She also blogs at www.robinantalek.blogspot.com and thenervousbreakdown.com. You can find her on Facebook, too.
Again
By Robin Antalek
I thought it would be easy. Well, perhaps easy is the wrong choice of words. Maybe a different kind of easy. After all I managed to get a book published. Pretty awesome reviews. Target Breakout Book. Book Clubs can’t get enough. Close to eight months after publication I’m still getting interview requests and book club visit requests and showing up at bookstores for signings.
Still. There is that nagging voice of self-doubt.
Will I be able to do it again?
It wasn’t like The Summer We Fell Apart was the first novel I had ever written. I got my wonderful agent Julie with a book that we both really loved – but didn’t end up selling. Before Julie, I had written three other novels and a short story collection. The stories had won a prize and publication by a regional publisher. I had written PR and grants and radio scripts – anything to keep me in printer ink.
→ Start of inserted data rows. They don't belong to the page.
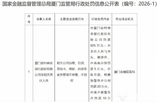 具体来看,厦门农商行此次因相关公司治理、信贷、信用卡、理财、同业等业务管理不审慎、不到位,被罚款605万元。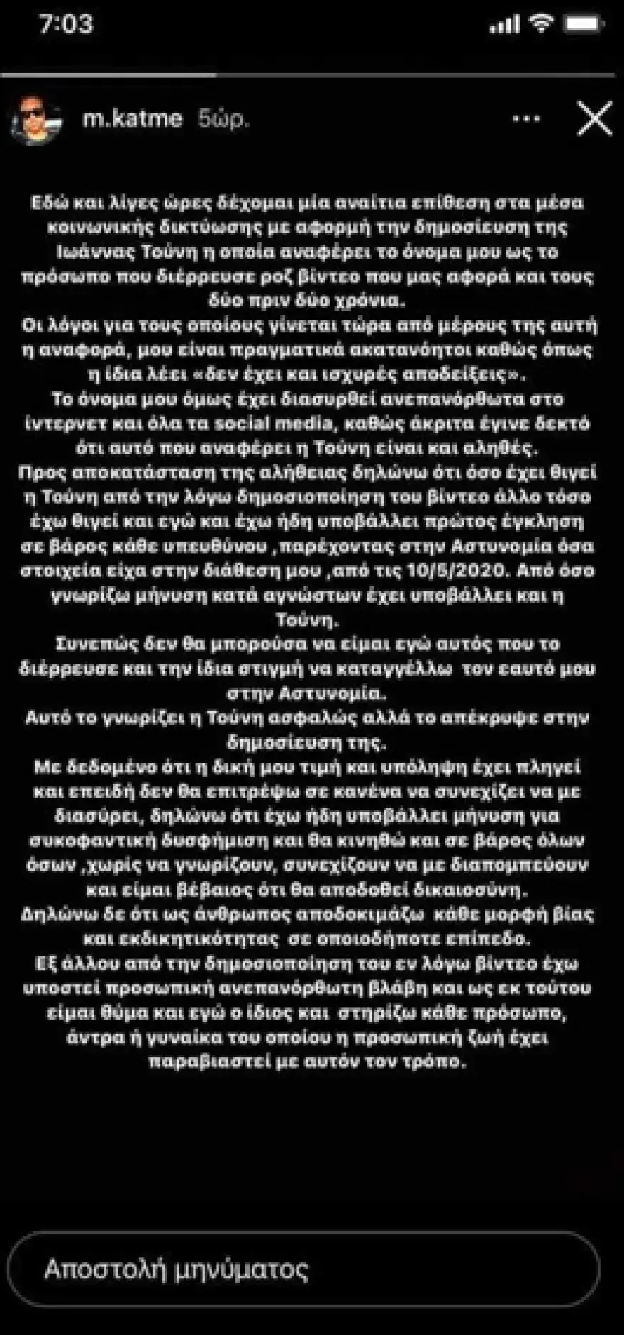 «Ειδικότερα το Σάββατο και περί ωρα 19:40, ανέβασε στον προσωπικό της λογαριασμό στο ίνσταγκραμ με το όνομα J Touni βίντεο με την ίδια να αναφέρει ότι εγώ, καθώς με κατονομάζει, διέρρευσα revenge πορνό βίντεο με εμένα και την ίδια σε ιστοσελίδες ερωτικού περιεχομένου. Αυτό είναι ψευδές καθώς για το εν λόγω βίντεο είχα υποβάλλει στις 10 Μαΐου 2020 μήνυση, κατά παντός υπευθύνου στην δίωξη ηλεκτρονικού εγκλήματος Θεσσαλονίκης. Απ’ όσο γνωρίζω για το εν λόγω περιστατικό και η Τούνη Ιωάννα είχε κάνει μήνυση κατά αγνώστων καθώς το αναφέρει σε μέσα κοινωνικής δικτύωσης. Άλλωστε και στη σημερινή της τρισέλιδη δημοσίευση, την οποία εγχειρίζω, αναφέρει ότι δεν έχει ισχυρές αποδείξεις και ότι μπορώ να τις κάνω αγωγή για συκοφαντική δυσφήμιση. Αυτή η δημοσίευση είναι ψευδής το σύνολο της και προσβάλλει την τιμή και την υπόληψη μου ανεπανόρθωτα, καθώς το προφίλ της είναι δημόσιο, έχει αναδημοσιευτεί σε όλες τις σελίδες όπως και στο Πρώτο Θέμα και το in gr με φωτογραφίες μου, Και έχω κατακλυστεί από επικριτικά μηνύματα στα μέσα κοινωνικής δικτύωσης που διατηρώ. Ζητώ την κατά το νόμο τιμωρία της».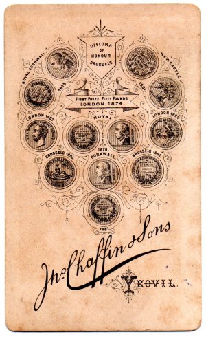 Initially John traded as 'Chaffin of Yeovil' and early examples of his work, cartes de visite, are shown below, invariably labelled 'J Chaffin'.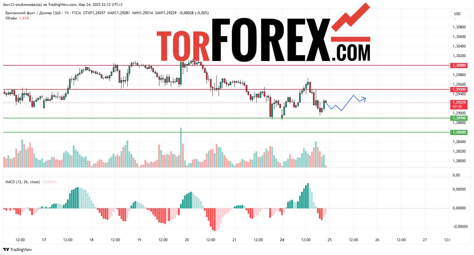 Ожидается, что GBP/USD останется в диапазоне 1,2860–1,2950 25 марта. Пробой 1,2950 вверх подтвердит восходящее движение, в то время как закрытие ниже 1,2890 может усилить медвежьи настроения. Трейдерам рекомендуется внимательно следить за колебаниями курса вблизи этих ключевых уровней, так как их прорыв может значительно повлиять на последующие стратегии на рынке.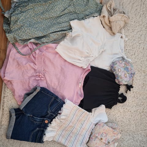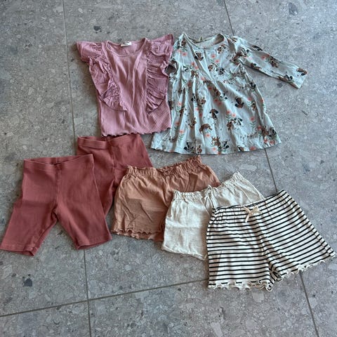 Klespakke med 10 plagg til jente i størrelse 98 og 104, se hvert enkelt bilde for størrelse. Alt selges samlet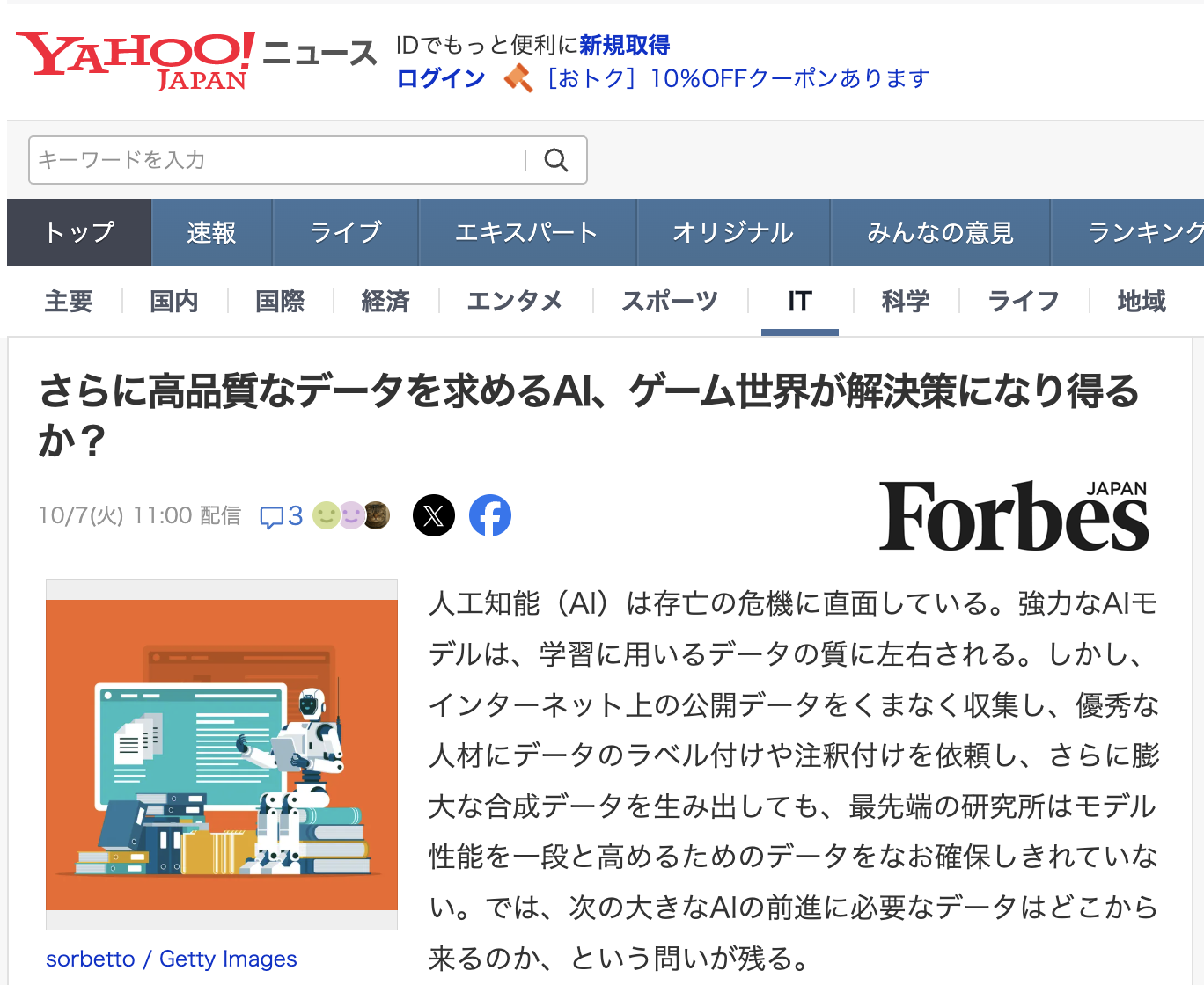 - AI開発は「データ枯渇」という深刻な課題に直面している。
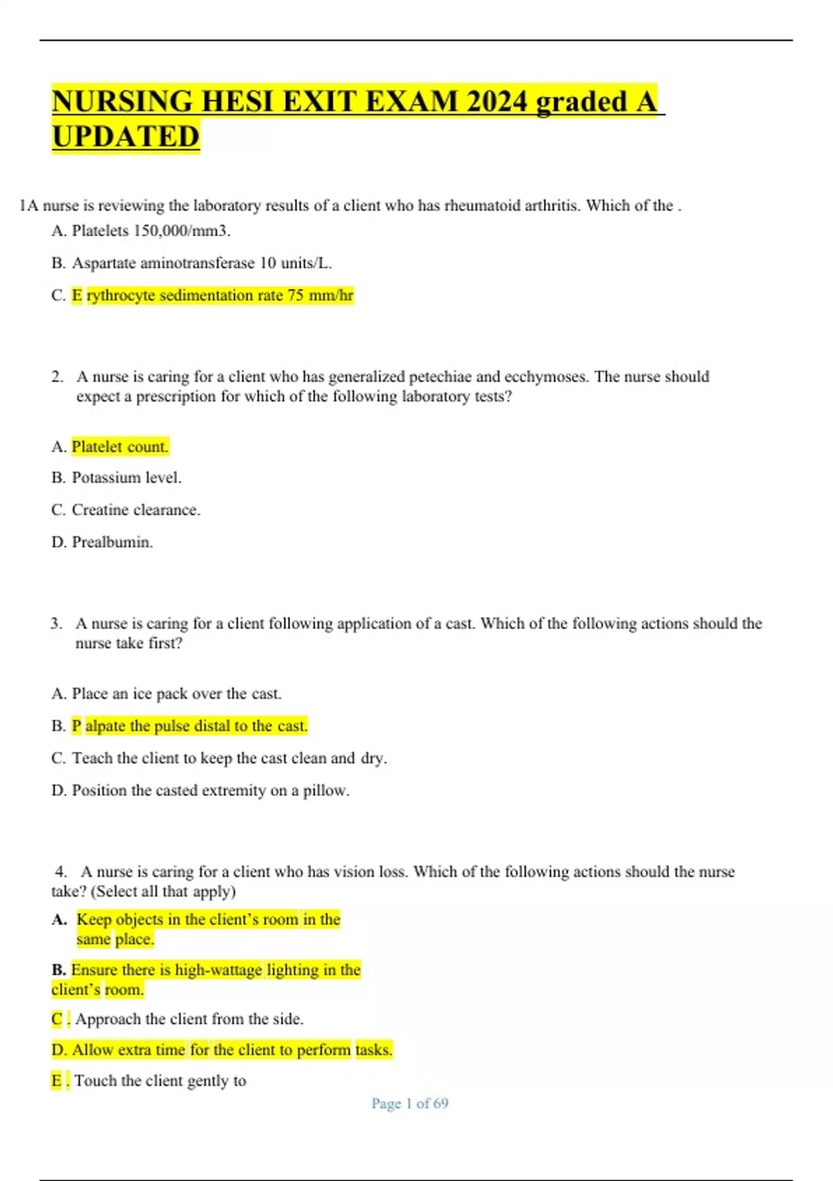 NURSING HESI EXIT EXAM 2024 graded A UPDATEDNURSING HESI EXIT EXAM 2024 graded A UPDATED

So writing really wasn’t the problem.
So I thought.
When I was nine, my parents’ gave up our very traditional life in Manhattan to move to a slip of a town on the west coast of Florida near the Everglades. This was 1970 and the landscape was akin to the Wild West. My dad, an engineer, who had a hand in designing the mini cars that would become Matchbox, decided to give it all up to run a pool company. Yes, I am very familiar with the smell of chlorine and what it takes to get garden snakes and the occasional rattler out of a pool filter.
Ten years later I left the Everglades to go north to school and really never looked back. Twenty years after I did my parents eventually migrated back to a bedroom community within a train ride distance to Manhattan.
But those ten years stayed with me. The stories and the people and atmosphere of old Florida is in my blood. I have attempted two novels since The Summer We Fell Apart. Both about this Florida – my Florida. Both were disastrous. I knew something was wrong with each of these books – but I couldn’t see it. This is a world I know so well – maybe too well and that was part of my problem.
I took the best parts of the first manuscript and wrote the second. Still, something wasn’t right. I didn’t have that magical voice that grabbed me, compelled me to tell a story. I had half a voice. It was a whisper. But it was something.
So I had a conversation with my agent. A long, wonderful, winding conversation between friends. Wonderful Julie listened while I rambled and all of a sudden IT was there. The story I wanted to tell. The whisper grew louder and louder until I could no longer ignore it. It’s a beginning. The bare bones of a beginning. Day by day, hour by hour, the story is taking shape, the voice I was straining to hear is practically screaming. It’s time to get back to work. And it feels so good.
6 comments:
Oh this is so, so wonderful you don't even know. Sometimes I think I hold myself hostage with the wanting to do it all right the first time my fingers go paralyzed. Thanks, Robin for sharing your story. And of course, to amazing Rebecca.
I am like that, too, V. I love this blog because Robin says what a lot of us have been thinking :)
Robin, you sum it all up so perfectly-- how part of you knows when the story isn't right, and it is so scary. But when it is right, finally, it is magic.
Yes - it's the whisper - and you were attentive and heard it. Hurray! An excellent post.
I love that moment where everything starts to sing. Thank you Robin!
Oh ladies you are ALL so wonderful! Starting again can be so daunting -- even after -- or maybe because of -- that first blush of success. But when its working again -- oh -- it is magic! Thanks for having me lovely Rebecca!